Tuesday, October 17, 2017

Fuck Warrior

Pictured: A gassed-up bigot
Photo Credit: WWE.com
When Ultimate Warrior died, I didn’t write a flowery eulogy to him. While I kept my feelings low key for the most part, I didn’t hide that I didn’t think he was worthy of the hagiography that had been written to him, both in his last act of life being inducted into the WWE Hall of Fame or during his death. The man was a bigot and a spiteful, hateful man interpersonally. Of course, even though my words were tame in their truth, I was accosted by people online who didn’t agree with what I wrote on Twitter or even here. MMA “journalists” named Bloodstain Lane and Front Row Brian among others decided to attack me because I didn’t have the temerity to honor a mediocre performer who turned out to be an exponentially worse human being. While I held back because I didn’t want any vitriol to seep to the people mourning him, my point remains. You shouldn’t be forgiven for your heinous acts in death if you didn’t atone or at least apologize for them in life.

Warrior may have made up with Vince McMahon over his interpersonal tensions that sent him away from WWE for years at a time, but really, why should anyone but McMahon or his inner circle care about that reconciliation? Did Warrior ever reach out to Bobby Heenan after he made comments wishing that the cancer that took his jaw also would take his life? Of course, Heenan ended up outliving Warrior anyway, though I’m not sure I’d classify years of declining health and pain as having a “last laugh,” but that’s neither here nor there. Furthermore, did Warrior ever atone for his grotesquely homophobic remarks time and time again? No. He reconciled with one man, and while I am not privy to Warrior’s thoughts, I can safely assume that it had more to do with money and attention rather than anything worth praising.

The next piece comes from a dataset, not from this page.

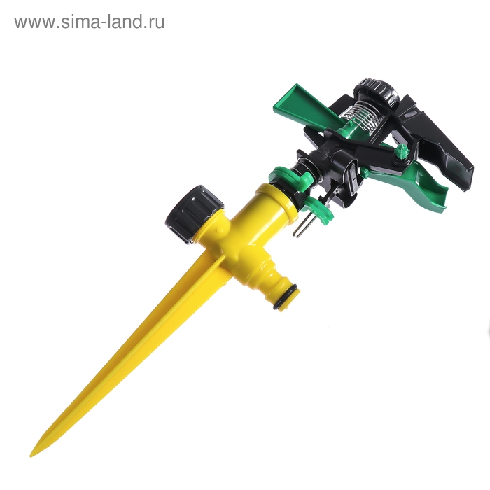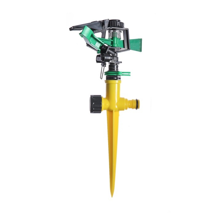 Устанавливается он при помощи штыря непосредственно в почву и предназначен для стационарного полива садов, газонов, загородных участков.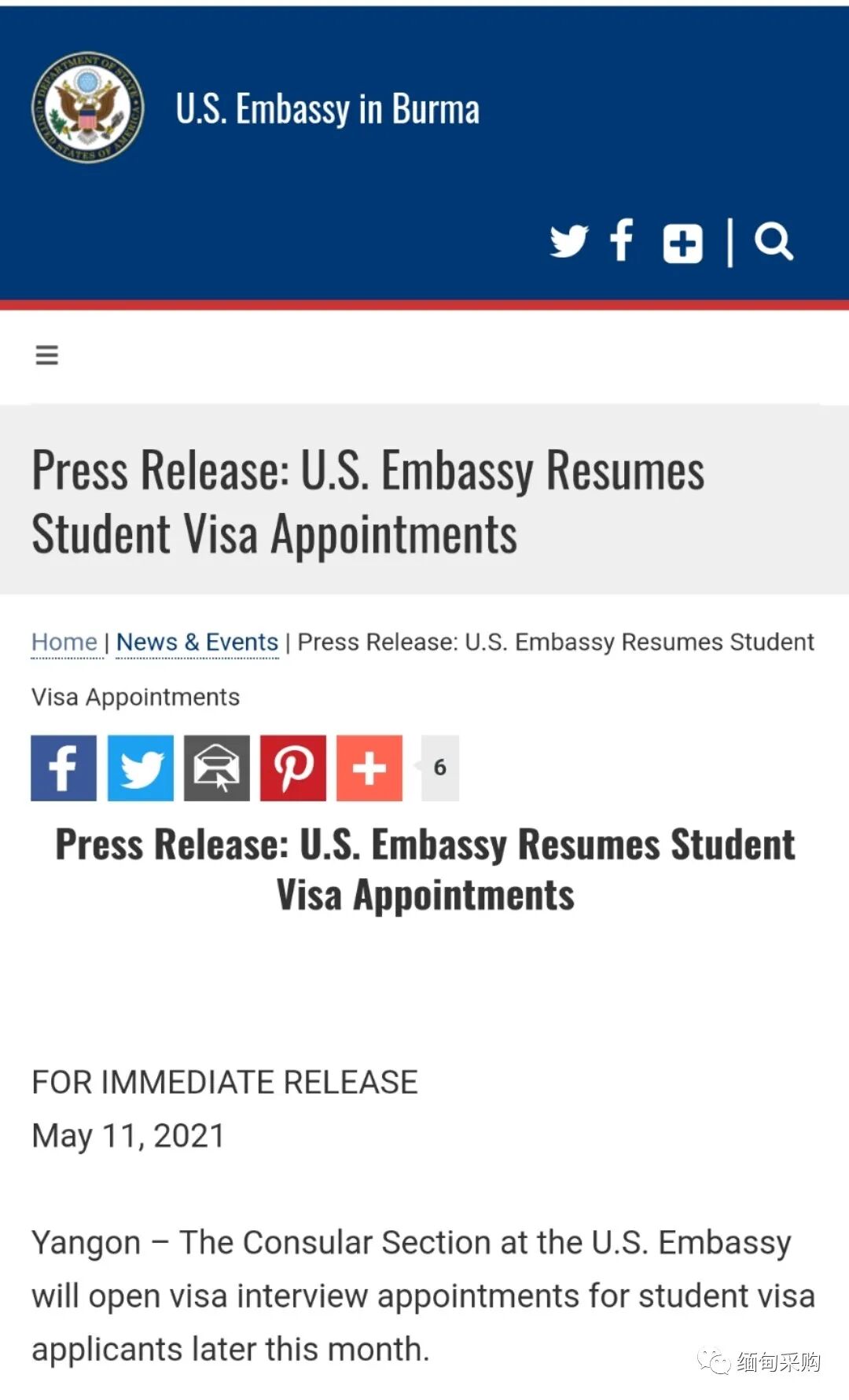 美国驻缅甸使馆5月11日在官方网站发布公告称,领事部门已经重启缅甸籍学生赴美留学签证(F1签证)申请,并将于5月进行签证面试。

So excuse me if I don’t buy the continual whitewashing of his legacy, including now, where he’s the company’s public face for this year’s breast cancer awareness campaign during October. One could jest that Warrior and Susan G. Komen are a perfect match for each other. Warrior was a rotten person, and Komen is a “charity” only in the sense that it collects money to make people aware the breast cancer exists. Whether it be its laughably low percentage of funds going to actual research even compared to other high-overhead charities or its questionable political ties or to the impossible barricades it puts up to common-person donations, Komen basically is a charity for corporations to use to pat themselves on the back for doing “something,” no matter how minimal that “something” is. In a way, it’s the perfect charity for Stephanie McMahon’s brand of hollow feminism, but I digress.

Still, despite Komen’s awful track record, WWE and its wrestlers either present or pretend to present it as its own way of doing good by a marginalized people. It’s ostensibly a good deed, which now is fronted with Warrior’s iconography as the standard borne. Last night on RAW saw that push go even further as every babyface wrestler as well as select heels like Alexa Bliss wore the Komen-affiliated shirt branded with Warrior’s facepaint on the front and the slogan exhorting breast cancer victims and survivors to “Unleash Your Warrior.” The intent is clear for these brave women to fight their disease with the kayfabe intensity that Warrior displayed as an active wrestler. However, I cannot divorce Warrior from his bigotry, so when WWE and Komen rally women to unleash their “Warrior” on breast cancer, I imagine them belittling the tumors with homophobic slurs and pseudointellectual barbs on why gayness is wrong.

Still, this action is par for the course from a tone-deaf company at the very least when it comes to social matters. It only has scrubbed persons from its association if it meant bad publicity, like with Chris Benoit and Hulk Hogan. With Hogan filtering his way back into WWE, he'll be welcomed back once people mostly forget that he's a racist goblin. The company has celebrated Jimmy Snuka, Pete Rose, and Fabulous Moolah. Hell, Donald Trump didn't become a grotesque monster overnight after announcing his candidacy for President. However, WWE isn't using its associations with Trump or Snuka or anyone else to put over how charitable and kind it is. Warrior may not have allegedly killed someone like Snuka did, but his presence in the WWE pantheon is far more toxic than his or anyone but possibly Trump because of how publicly and vitriolically hateful he was at almost all times. And not once did he ever ask for attrition from the *extremely AJ Styles voice* GAY COMMUNITY!?!?!

WWE is trash for co-opting the image, but one could argue it's only adopting just an image, a character that it housed and that it's using with permission of Warrior's survivors and estate. It's extremely gross, but it's still theoretically defensible. "Queering don't make the world work" taken to the grave is abhorrent. Fuck Warrior. Fuck his legacy. It's a legacy of hate, and not one that I'm sure I want to be glancingly exposed to while watching the rest of my problematic-as-fuck three hour wrestling program.